What needs to be done -
There are pictures in the records below; leave them out and set down exactly the lines from the one holding "vintage fur jacket" through the one holding "공개된 사진 속 송지은과".

Available records -
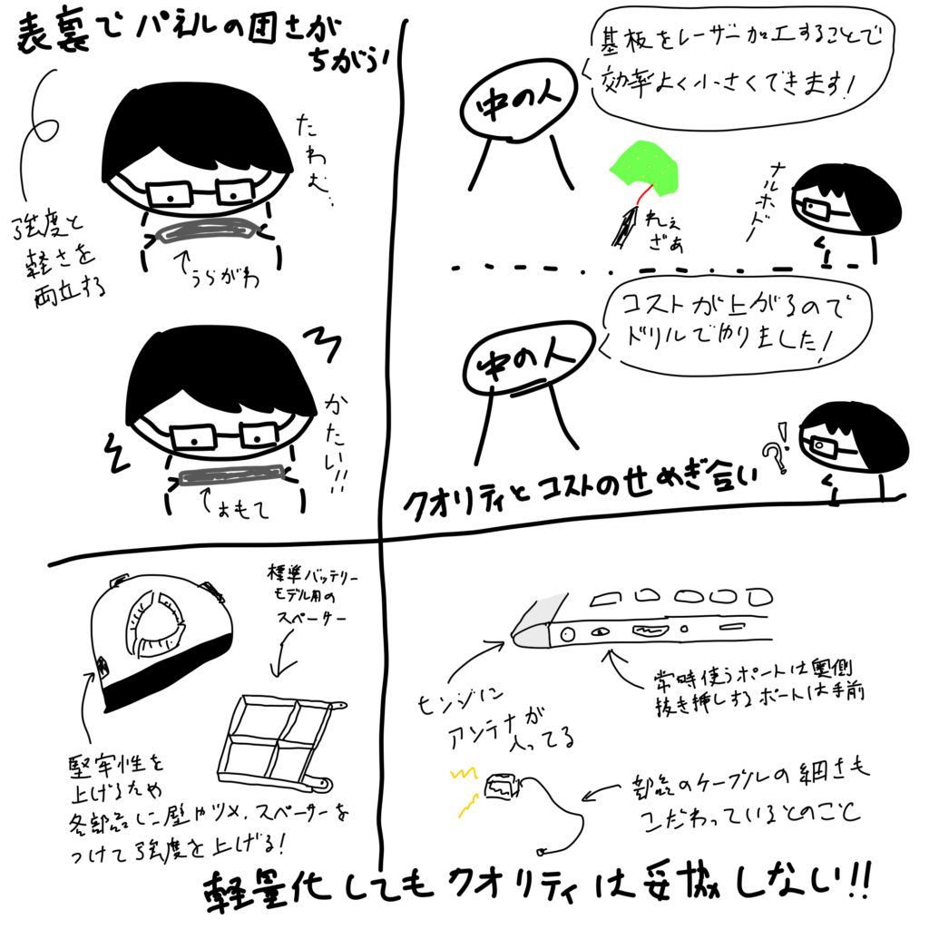 クオリティとコストを両立した設計の大変さや小さなボディに以下に部品を詰め込むかなど貴重なお話が聞けてよかったです。
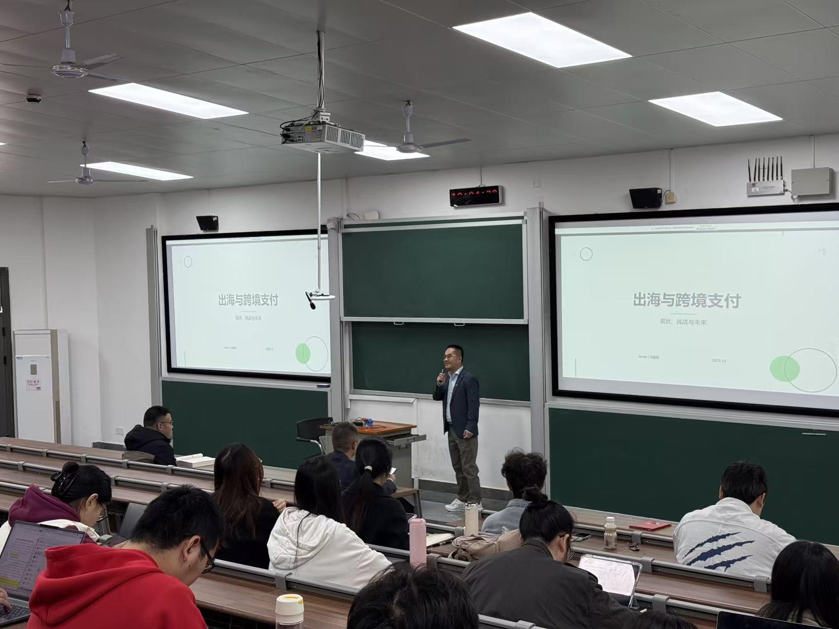 2025年11月4日上午,男同av “业界导师进课堂”系列讲座在财院校区梯教105举行。Oceanpayment联合创始人刘超峰走进金融硕士《投资学》课堂,作“出海与跨境支付:现状、挑战与未来”报告。Oceanpayment拥有全球金融业最高级别安全认证PCI DSS LEVEL 1,是中国唯一一家拥有全球数字支付技术和业务资质全牌照的FinTech公司,专注跨境⽀付技术服务与全球化布局,为中国企业出海提供安全合规的⽀付基础设施。本次授课由刘轶教授主持,一百余名研究生及部分教师现场聆听并参与交流。
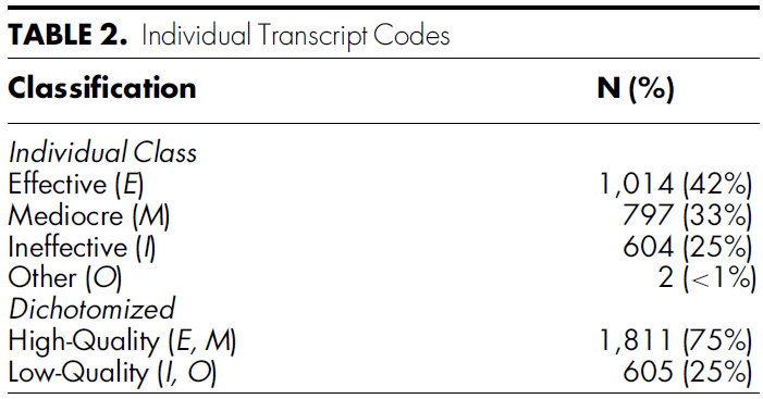 A total of 2,416 transcripts were coded for quality and are described in Table 2. Overall, 1,014 (42%) were coded as Effective (E) and 1,811 (75%) of the transcripts were high quality (E, M). Examples of high quality and low-quality feedback are shown in Table 3.
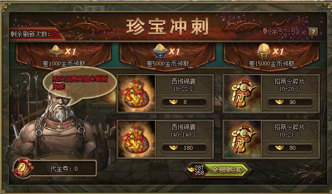 ● 活动公告活动一:珍宝冲刺,圆你十珍梦!活动范围:1月19日(含)之前已开所有服活动时间:2月8日0点至24点活动内容:活动期间,在活动界面可以购买丝绸、锦囊、珍宝碎片等道具。购买金 ...
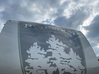 You are going to wish you found the Redwood fifth wheels sooner! With all of the residential comfort and modern luxury, you will be impressed. The Williamsburg Furniture Collection includes two premium dinette chairs, a buffet-style adjustable dinette with leaf extension, a residential-style sofa, and powered theater seating. The luxury further extends to the bedroom where you will find a gel-foam king bed with tilt and C-PAP shelves on both sides of the bed. The straight roof line gives a luxury profile, and there are preparations for a wireless backup camera as well as solar power. The seamless residential insulated heat ducts will efficiently heat your unit, and there is an exterior radio in the fully finished and heated pass-through with slat board storage.
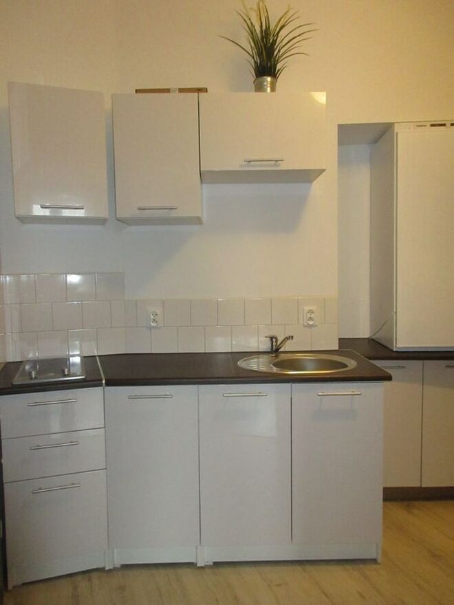 Aneks kuchenny: szafki stojące i wiszące, kuchenka elektryczna,
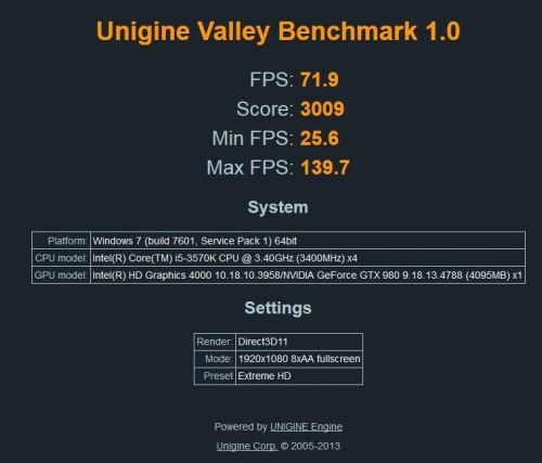 Nincs azzal az eredménnyel semmi baj, és "kihajcsa". Nálam 55.2FPS volt, az 1-2 FPS simán benne van a winben, de még az sem vészes, ha CPU-limit (bár sanszosabb a lap és a kevés fázis), mert a Valley egyáltalán nem egy "hótt" terhelő teszt. Tolj neki Heavent. GPU-t és VRAM-ot ha emeled gyorsulnia kell, ha limited van, nem a CPU. Nálam máris 63.1FPS-re ment fel. Nem tette volna, ha CPU limit van. Csak félrevezetnek.
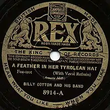 Rex Records was a United Kingdom-based record label founded in 1933 by the Crystalate Gramophone Record Manufacturing Company, also the parent of British Imperial Records. Rex released their first discs in September 1933, with the initial release bearing a catalogue number of 8000 or 8001.[1] The company was taken over by Decca Records in March 1937. Rex Records were sold at Marks & Spencer's chain stores.
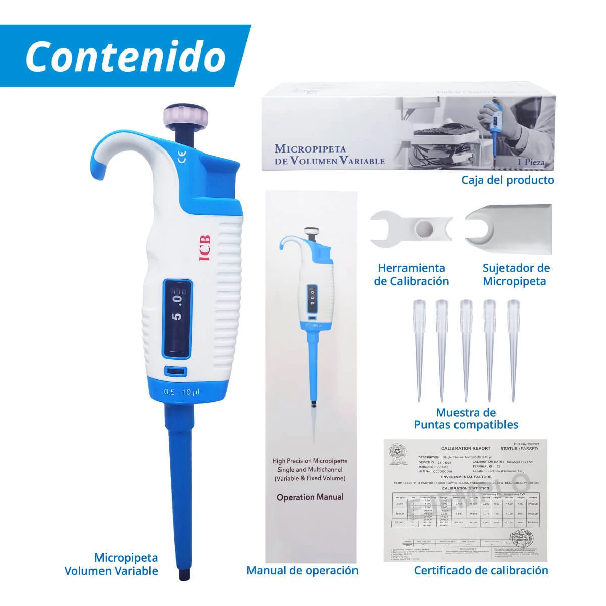 Micropipeta de volumen variable de 0.5-10 μl de la marca ICB es indispensable los laboratorio para la medición precisa y la transferencia de líquidos en el rango de microlitros. Esta micropipeta combina versatilidad y precisión, permitiéndote ajustar el volumen según tus necesidades específicas.
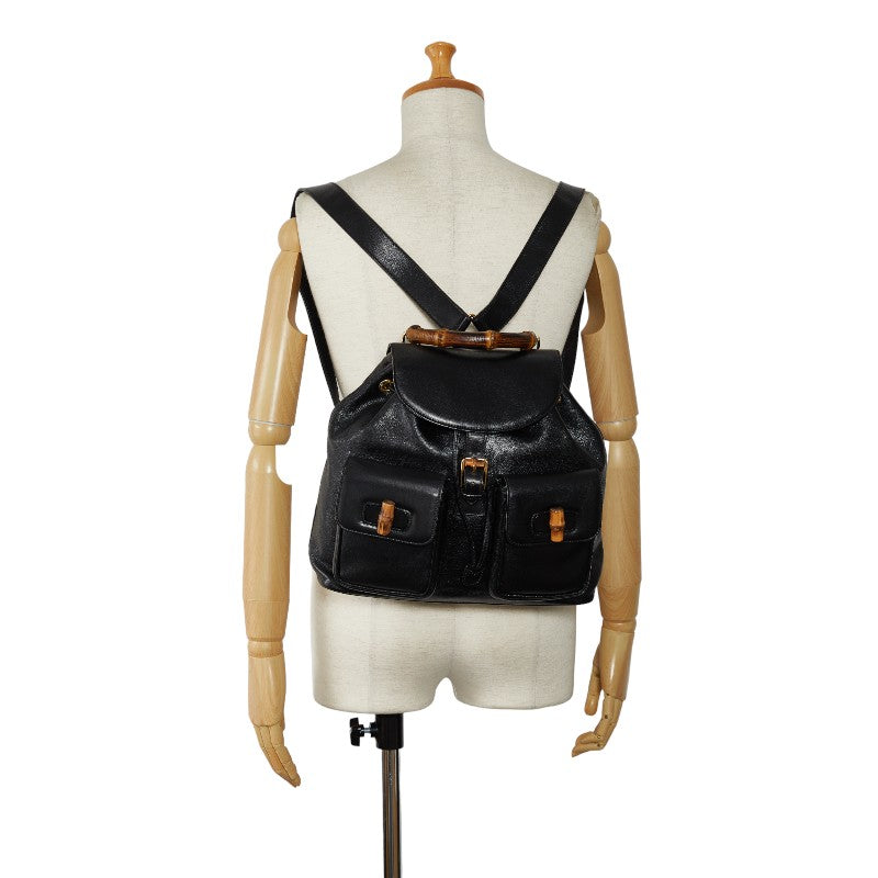 グッチ バンブー リュック バックパック 003 58 0016 ブラック レザー レディース GUCCI 【中古】
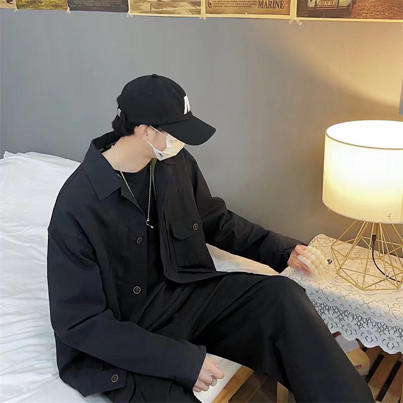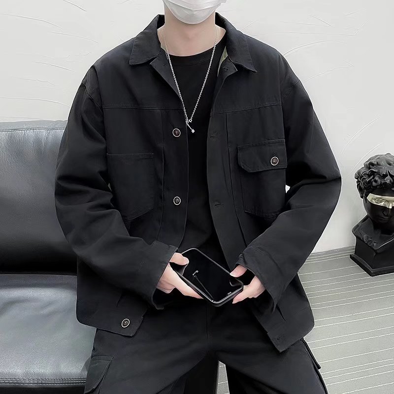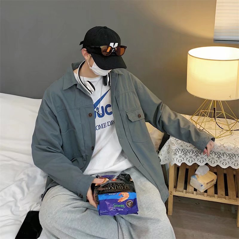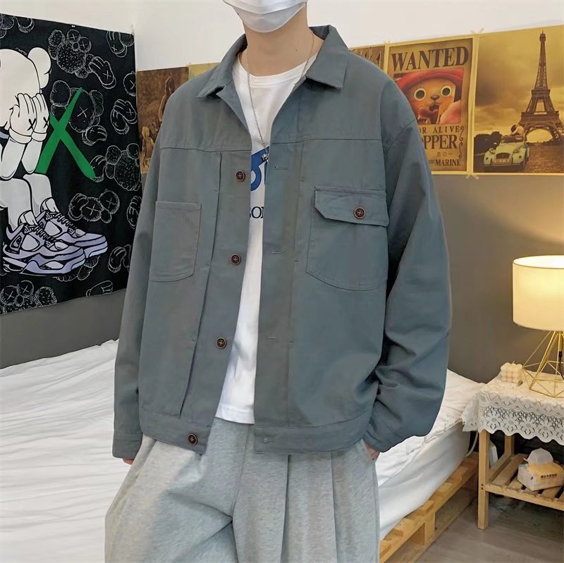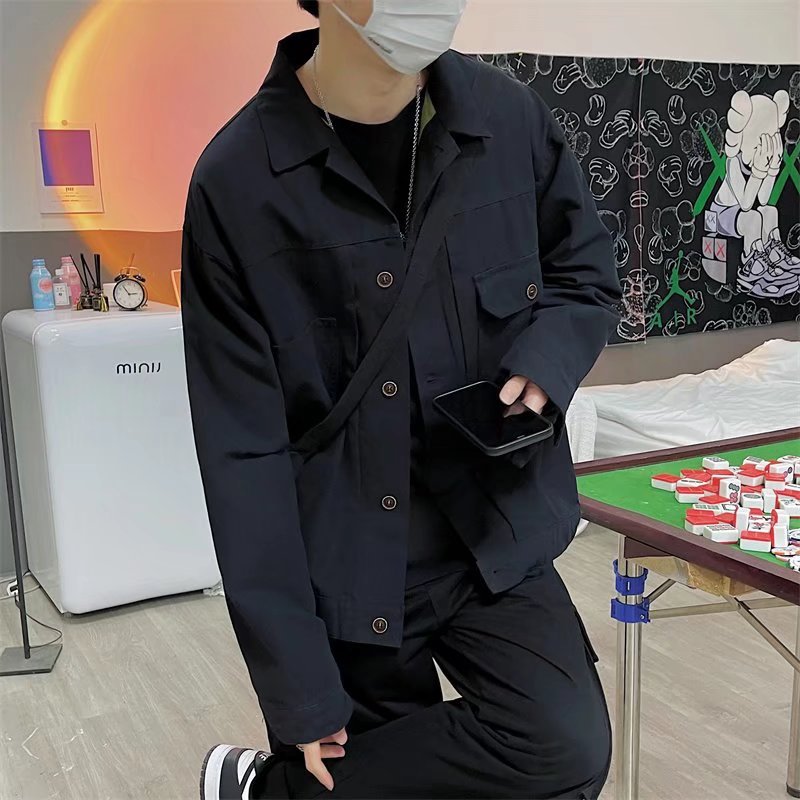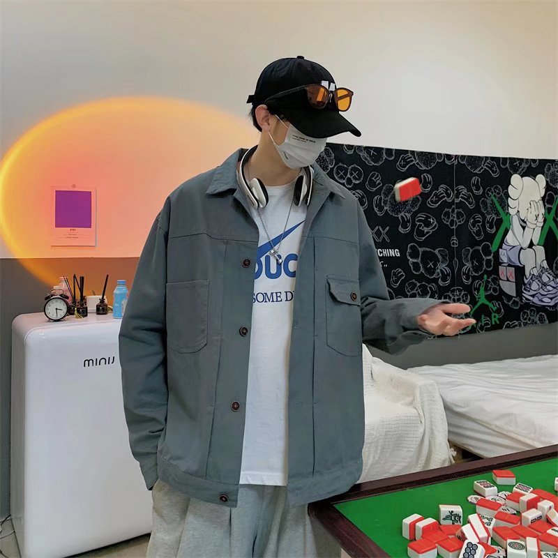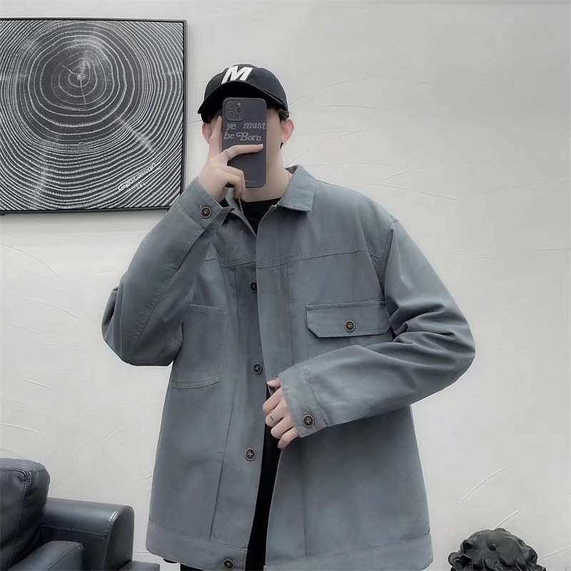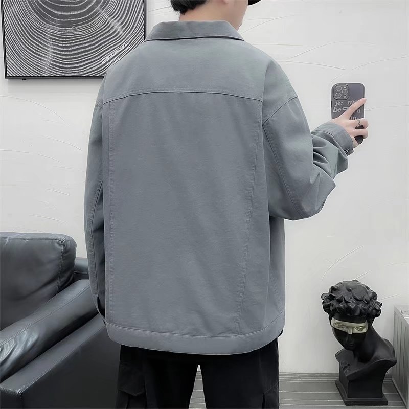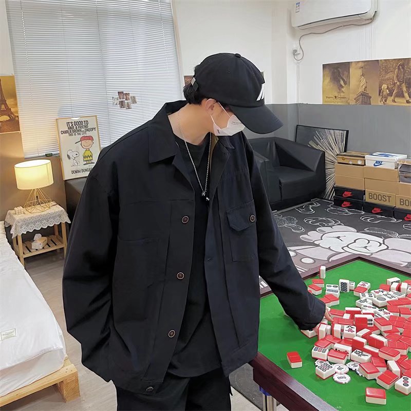 Chaqueta retro simple para hombre, color sólido casual japonés, chaqueta de pareja de manga larga suelta y versátil, ropa interior de moda
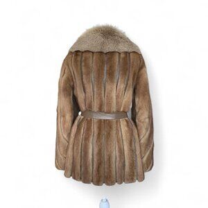 vintage fur jacket fox fur coat belted jacket brown fur winter outerwear luxury vintage statement jacket
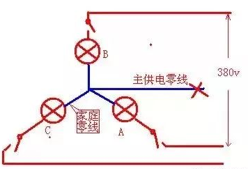 如上圖三相供電的線電壓為380v,但每一個家庭在主供電零線完好時,ABC用戶都是電壓220v,一旦主供電零線斷開,實際用電的ABC三相用戶負載不可能相同,負載電阻大的那一相用戶,得到電壓大于220v,首先負載燒毀,假設燒毀的是C,剩下的AB相如果平衡,各自分擔190v電壓,但是如果負載不平衡,電阻高的得到電壓大,如果超過220v,又將被燒毀,這時剩下的負載電阻最小的那一相,由于沒有電流,電壓是0,使得被燒毀的那兩相家庭零線與火線電壓為380v,這時這兩相用戶只要開電器必定被燒毀,所以出現電器燒毀情況,一定要等電壓正常后再開電器。
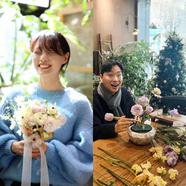 공개된 사진 속 송지은과 박위는 화원에서 데이트를 즐기며 환한 미소를 짓고 있다. 두 사람은 직접 만든 부케를 들고 사진을 찍는 등 소소하지만 다정한 신혼의 분위기를 전했다. 자연스럽게 닮은 웃음과 편안한 표정이 눈길을 끌었다.
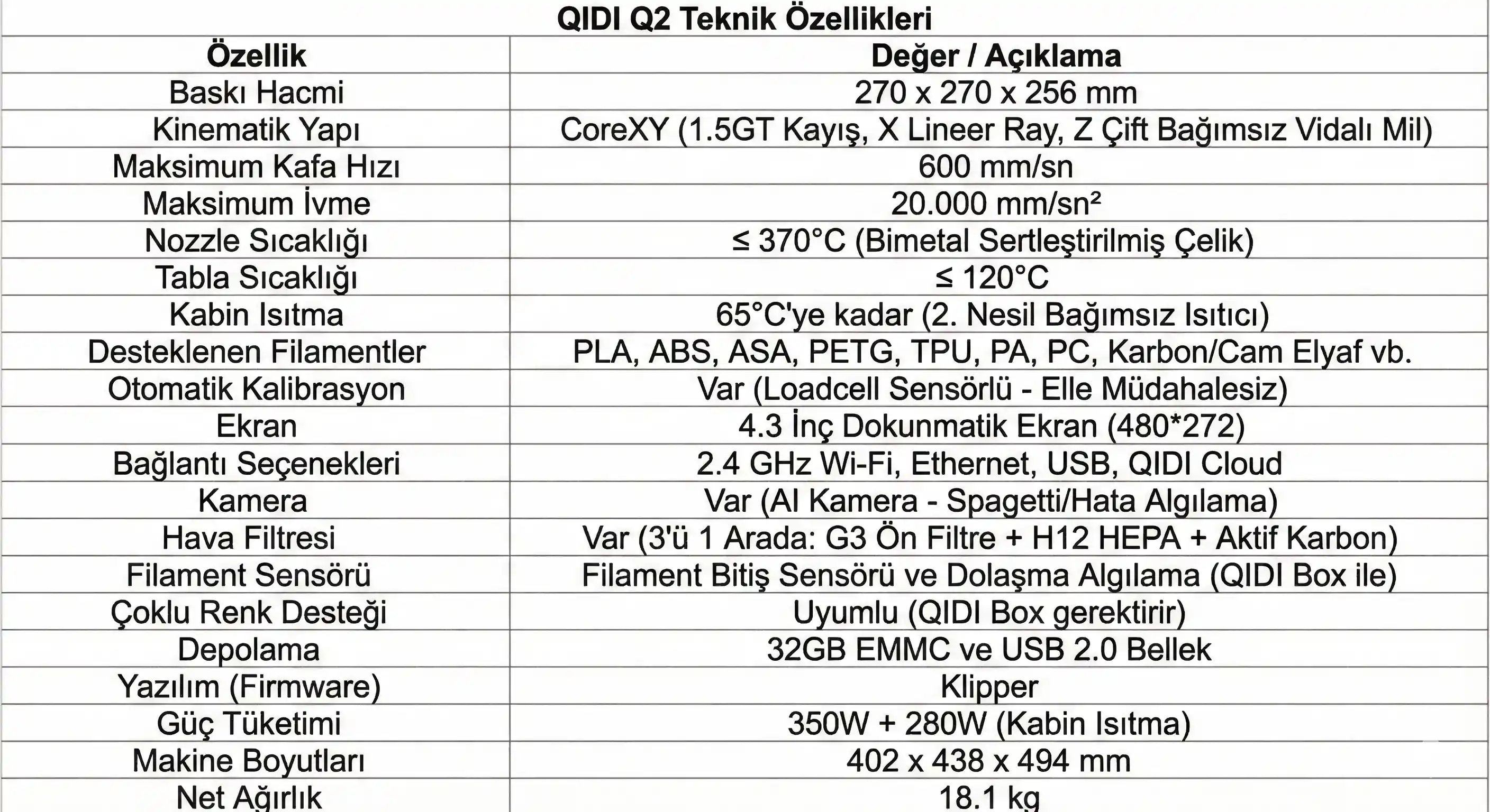 QIDI Tech Q2, hem yeni başlayanlar hem de endüstriyel kullanıcılar için tasarlanmış, yüksek hızlı ve stabil bir CoreXY 3D yazıcıdır. 370°C nozzle sıcaklığı, 65°C aktif ısıtmalı kapalı haznesi ve lineer raylı eksen sistemiyle, standart filamentlerin yanı sıra mühendislik polimerlerinde de kusursuz performans sergiler. 600 mm/s baskı hızıyla yaratıcılığınızı zamandan tasarruf ederek gerçeğe dönüştürür.

Answer section -
 vintage fur jacket fox fur coat belted jacket brown fur winter outerwear luxury vintage statement jacket
 如上圖三相供電的線電壓為380v,但每一個家庭在主供電零線完好時,ABC用戶都是電壓220v,一旦主供電零線斷開,實際用電的ABC三相用戶負載不可能相同,負載電阻大的那一相用戶,得到電壓大于220v,首先負載燒毀,假設燒毀的是C,剩下的AB相如果平衡,各自分擔190v電壓,但是如果負載不平衡,電阻高的得到電壓大,如果超過220v,又將被燒毀,這時剩下的負載電阻最小的那一相,由于沒有電流,電壓是0,使得被燒毀的那兩相家庭零線與火線電壓為380v,這時這兩相用戶只要開電器必定被燒毀,所以出現電器燒毀情況,一定要等電壓正常后再開電器。
 공개된 사진 속 송지은과 박위는 화원에서 데이트를 즐기며 환한 미소를 짓고 있다. 두 사람은 직접 만든 부케를 들고 사진을 찍는 등 소소하지만 다정한 신혼의 분위기를 전했다. 자연스럽게 닮은 웃음과 편안한 표정이 눈길을 끌었다.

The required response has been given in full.